— Available data —
Segment Open
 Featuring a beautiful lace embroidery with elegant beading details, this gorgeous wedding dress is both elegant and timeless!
Segment Closed
Segment Open
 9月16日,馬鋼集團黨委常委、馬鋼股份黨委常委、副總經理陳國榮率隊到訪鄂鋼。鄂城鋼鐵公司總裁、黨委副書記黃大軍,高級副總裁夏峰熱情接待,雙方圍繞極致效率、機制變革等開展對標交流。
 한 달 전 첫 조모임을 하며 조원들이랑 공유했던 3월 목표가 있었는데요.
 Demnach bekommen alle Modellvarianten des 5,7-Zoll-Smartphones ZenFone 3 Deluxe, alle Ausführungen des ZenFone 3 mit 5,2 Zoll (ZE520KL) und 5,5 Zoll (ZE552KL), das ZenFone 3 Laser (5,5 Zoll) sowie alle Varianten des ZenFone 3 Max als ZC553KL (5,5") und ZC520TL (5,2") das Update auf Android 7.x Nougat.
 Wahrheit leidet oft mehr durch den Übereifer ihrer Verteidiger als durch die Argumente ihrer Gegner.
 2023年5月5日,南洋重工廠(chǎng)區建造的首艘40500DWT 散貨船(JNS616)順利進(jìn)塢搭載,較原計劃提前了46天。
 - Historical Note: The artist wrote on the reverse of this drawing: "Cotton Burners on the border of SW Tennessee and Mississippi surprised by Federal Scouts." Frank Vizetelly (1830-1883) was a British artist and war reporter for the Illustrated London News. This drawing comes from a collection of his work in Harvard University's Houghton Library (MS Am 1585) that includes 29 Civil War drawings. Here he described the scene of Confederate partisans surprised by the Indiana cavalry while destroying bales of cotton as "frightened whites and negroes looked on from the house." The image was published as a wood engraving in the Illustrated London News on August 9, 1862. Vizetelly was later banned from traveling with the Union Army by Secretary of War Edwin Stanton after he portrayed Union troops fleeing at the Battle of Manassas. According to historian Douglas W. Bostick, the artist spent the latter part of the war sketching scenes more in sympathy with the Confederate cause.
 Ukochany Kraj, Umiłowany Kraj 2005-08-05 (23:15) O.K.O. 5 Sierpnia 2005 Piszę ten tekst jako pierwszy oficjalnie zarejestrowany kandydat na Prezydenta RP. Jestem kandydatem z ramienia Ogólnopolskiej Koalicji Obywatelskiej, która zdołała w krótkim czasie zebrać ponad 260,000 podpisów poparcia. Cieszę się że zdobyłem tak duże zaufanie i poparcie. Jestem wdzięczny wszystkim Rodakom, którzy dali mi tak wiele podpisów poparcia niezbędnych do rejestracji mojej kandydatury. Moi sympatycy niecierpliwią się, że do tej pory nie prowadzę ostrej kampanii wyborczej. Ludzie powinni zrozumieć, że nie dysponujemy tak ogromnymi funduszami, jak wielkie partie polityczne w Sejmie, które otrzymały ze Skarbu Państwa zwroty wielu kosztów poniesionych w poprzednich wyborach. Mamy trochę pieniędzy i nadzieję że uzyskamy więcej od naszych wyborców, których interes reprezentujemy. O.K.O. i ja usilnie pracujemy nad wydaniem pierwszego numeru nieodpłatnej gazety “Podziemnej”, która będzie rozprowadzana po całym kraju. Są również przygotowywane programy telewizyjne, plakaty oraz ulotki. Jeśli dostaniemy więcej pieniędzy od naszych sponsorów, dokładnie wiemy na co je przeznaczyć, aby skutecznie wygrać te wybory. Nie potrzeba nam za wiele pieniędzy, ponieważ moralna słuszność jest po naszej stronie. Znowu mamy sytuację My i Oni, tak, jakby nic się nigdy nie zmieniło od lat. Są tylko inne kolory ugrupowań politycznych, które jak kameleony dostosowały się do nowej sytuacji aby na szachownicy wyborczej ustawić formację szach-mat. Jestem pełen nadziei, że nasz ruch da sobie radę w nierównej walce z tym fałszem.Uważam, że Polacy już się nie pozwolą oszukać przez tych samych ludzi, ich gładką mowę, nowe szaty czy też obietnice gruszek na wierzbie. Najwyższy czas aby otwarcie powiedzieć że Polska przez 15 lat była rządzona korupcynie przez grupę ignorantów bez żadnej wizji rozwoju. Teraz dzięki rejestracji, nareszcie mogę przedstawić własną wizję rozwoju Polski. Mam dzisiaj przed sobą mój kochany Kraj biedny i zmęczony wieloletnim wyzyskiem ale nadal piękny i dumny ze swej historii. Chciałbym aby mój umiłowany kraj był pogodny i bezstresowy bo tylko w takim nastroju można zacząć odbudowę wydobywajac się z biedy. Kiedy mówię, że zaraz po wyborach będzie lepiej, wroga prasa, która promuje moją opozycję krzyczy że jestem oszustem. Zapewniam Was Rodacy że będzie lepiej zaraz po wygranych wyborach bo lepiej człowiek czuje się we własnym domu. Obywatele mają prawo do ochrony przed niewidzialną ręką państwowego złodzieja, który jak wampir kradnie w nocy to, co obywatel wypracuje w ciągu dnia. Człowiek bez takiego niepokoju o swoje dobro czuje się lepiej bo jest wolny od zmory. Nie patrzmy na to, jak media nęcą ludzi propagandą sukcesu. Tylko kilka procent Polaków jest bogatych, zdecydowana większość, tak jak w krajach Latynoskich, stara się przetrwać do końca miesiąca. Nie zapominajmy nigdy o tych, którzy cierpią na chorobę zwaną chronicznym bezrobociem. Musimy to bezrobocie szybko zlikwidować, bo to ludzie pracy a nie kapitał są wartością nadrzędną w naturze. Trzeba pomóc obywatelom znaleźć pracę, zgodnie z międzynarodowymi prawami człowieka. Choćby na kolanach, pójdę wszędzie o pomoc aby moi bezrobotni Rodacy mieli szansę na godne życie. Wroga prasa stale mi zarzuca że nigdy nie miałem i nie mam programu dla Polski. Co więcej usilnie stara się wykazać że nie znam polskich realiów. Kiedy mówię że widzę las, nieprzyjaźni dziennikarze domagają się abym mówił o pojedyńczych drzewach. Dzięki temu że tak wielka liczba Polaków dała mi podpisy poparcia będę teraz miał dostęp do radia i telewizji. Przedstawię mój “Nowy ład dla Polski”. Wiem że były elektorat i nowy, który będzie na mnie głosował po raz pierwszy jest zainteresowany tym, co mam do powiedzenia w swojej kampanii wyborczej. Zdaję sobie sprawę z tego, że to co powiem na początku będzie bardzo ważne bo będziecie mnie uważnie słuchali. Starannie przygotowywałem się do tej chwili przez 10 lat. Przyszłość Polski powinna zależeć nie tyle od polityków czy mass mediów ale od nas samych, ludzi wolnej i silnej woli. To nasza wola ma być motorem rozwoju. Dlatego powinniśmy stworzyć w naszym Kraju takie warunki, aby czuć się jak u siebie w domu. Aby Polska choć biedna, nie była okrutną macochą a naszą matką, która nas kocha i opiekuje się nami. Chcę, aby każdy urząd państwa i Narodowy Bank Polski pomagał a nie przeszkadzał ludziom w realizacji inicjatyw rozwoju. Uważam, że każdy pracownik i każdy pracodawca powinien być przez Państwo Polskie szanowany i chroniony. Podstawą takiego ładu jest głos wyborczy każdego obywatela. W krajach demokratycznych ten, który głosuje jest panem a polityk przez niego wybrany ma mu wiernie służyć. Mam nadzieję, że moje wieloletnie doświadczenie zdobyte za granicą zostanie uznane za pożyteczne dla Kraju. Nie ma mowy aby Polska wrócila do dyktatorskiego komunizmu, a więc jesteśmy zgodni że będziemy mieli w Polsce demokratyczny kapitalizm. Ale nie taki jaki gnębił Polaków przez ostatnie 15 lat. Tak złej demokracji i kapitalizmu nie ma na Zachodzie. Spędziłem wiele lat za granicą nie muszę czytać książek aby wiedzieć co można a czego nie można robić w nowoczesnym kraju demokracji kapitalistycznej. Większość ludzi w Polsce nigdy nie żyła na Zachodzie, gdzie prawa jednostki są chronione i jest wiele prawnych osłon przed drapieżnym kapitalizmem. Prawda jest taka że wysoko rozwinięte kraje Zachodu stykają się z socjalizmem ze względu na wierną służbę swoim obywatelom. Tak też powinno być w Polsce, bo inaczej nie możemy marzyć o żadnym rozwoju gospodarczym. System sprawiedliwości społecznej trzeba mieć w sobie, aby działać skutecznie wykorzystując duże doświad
Segment Closed
— Exercise goal —
Please return a copy of each line in the entries that has the string "this".

— Finished task —
 Featuring a beautiful lace embroidery with elegant beading details, this gorgeous wedding dress is both elegant and timeless!
 - Historical Note: The artist wrote on the reverse of this drawing: "Cotton Burners on the border of SW Tennessee and Mississippi surprised by Federal Scouts." Frank Vizetelly (1830-1883) was a British artist and war reporter for the Illustrated London News. This drawing comes from a collection of his work in Harvard University's Houghton Library (MS Am 1585) that includes 29 Civil War drawings. Here he described the scene of Confederate partisans surprised by the Indiana cavalry while destroying bales of cotton as "frightened whites and negroes looked on from the house." The image was published as a wood engraving in the Illustrated London News on August 9, 1862. Vizetelly was later banned from traveling with the Union Army by Secretary of War Edwin Stanton after he portrayed Union troops fleeing at the Battle of Manassas. According to historian Douglas W. Bostick, the artist spent the latter part of the war sketching scenes more in sympathy with the Confederate cause.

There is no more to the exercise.